OpenAI pioneered its first large language model in the GPT series in 2018, pretrained on massive amounts of internet data and large clusters of GPUs. GPT models excelled at text processing, eventually leading to ChatGPT, but struggled with basic math. It took until 2023 for OpenAI to achieve a breakthrough, initially dubbed "Q*" and then "Strawberry," by combining LLMs, RL, and a technique called test-time computation.
This allowed OpenAI to introduce a new approach called "chain-of-thought" (CoT), which improved AI's performance on math questions the models hadn't seen before. OpenAI uniquely combined these techniques to create Strawberry, which directly led to the development of o1. OpenAI quickly identified that the planning and fact-checking abilities of AI reasoning models could be useful to power AI agents.
Shortly after the 2023 Strawberry breakthrough, OpenAI spun up an "Agents" team led by OpenAI researcher Daniel Selsam to make further progress on this new paradigm. Although the team was called "Agents," OpenAI didn't initially differentiate between reasoning models and agents as we think of them today. The company just wanted to make AI systems capable of completing complex tasks.
OpenAI would have to divert precious resources, mainly talent and GPUs, to create o1. Throughout OpenAI's history, researchers have had to negotiate with company leaders to obtain resources; demonstrating breakthroughs was a surefire way to secure them. Some former employees say that the startup's mission to develop AGI was the key factor in achieving breakthroughs around AI reasoning models.
By late 2024, several leading AI labs started seeing diminishing returns on models created through traditional pretraining scaling. Today, much of the AI field's momentum comes from advances in reasoning models. The goal of AI research is to recreate human intelligence with computers. Since the launch of o1, ChatGPT's UX has been filled with more human-sounding features such as "thinking" and "reasoning."
OpenAI's researchers note that people may disagree with their nomenclature or definitions of reasoning, but they argue it's less important than the capabilities of their models. Other AI researchers tend to agree. AI reasoning models are not well understood today, and more research is needed. It may be too early to confidently claim what exactly is going on inside them.
The AI agents on the market today work best for well-defined, verifiable domains such as coding.
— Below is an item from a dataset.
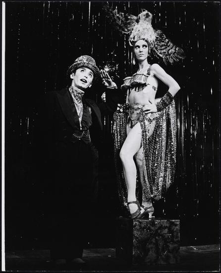 [One of the Kit Kat Girls with Joel Grey as Master of Ceremonies in "Cabaret".]

OpenAI's Codex agent aims to help software engineers offload simple coding tasks. However, general-purpose AI agents like OpenAI's ChatGPT Agent and Perplexity's Comet struggle with many of the complex, subjective tasks people want to automate.
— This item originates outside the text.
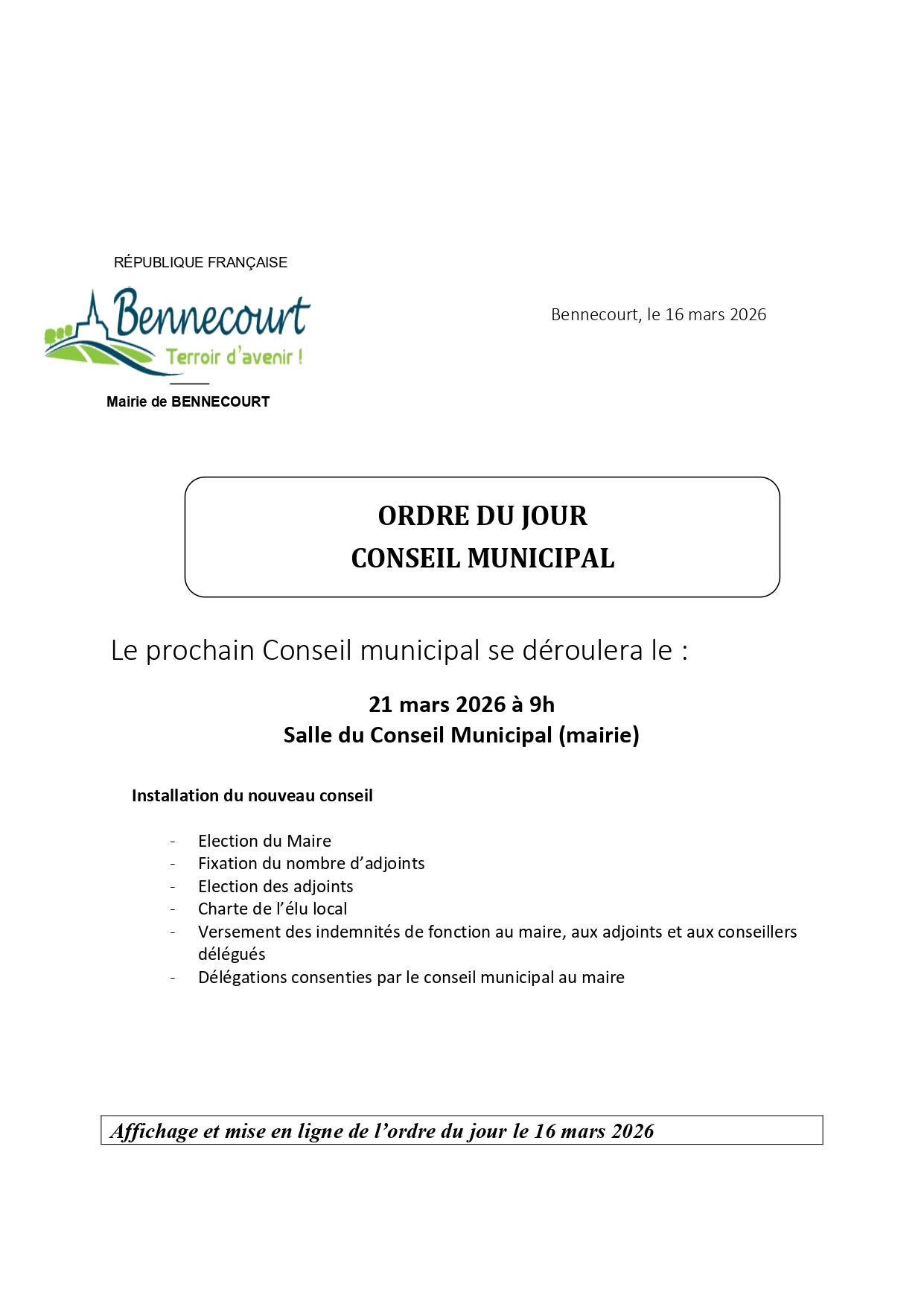 Conseil municipal du 21 mars 2026

Researchers must first figure out how to better train the underlying models to complete tasks that are more subjective. Noam Brown, an OpenAI researcher who helped create the IMO model and o1, told TechCrunch that OpenAI has new general-purpose RL techniques which allow them to teach AI models skills that aren't easily verified. This was how the company built the model which achieved a gold medal at IMO.
These techniques may help OpenAI's models become more performant, gains that could show up in the company's upcoming GPT-5 model. OpenAI hopes to assert its dominance over competitors with the launch of GPT-5, ideally offering the best AI model to power agents for developers and consumers. The company also wants to make its products simpler to use, building AI systems that understand when to call up certain tools and how long to reason for.
While OpenAI undoubtedly led the AI industry a few years ago, the company now faces a tranche of worthy opponents. The question is no longer just whether OpenAI can deliver its agentic future, but can the company do so before Google, Anthropic, xAI, or Meta beat them to it?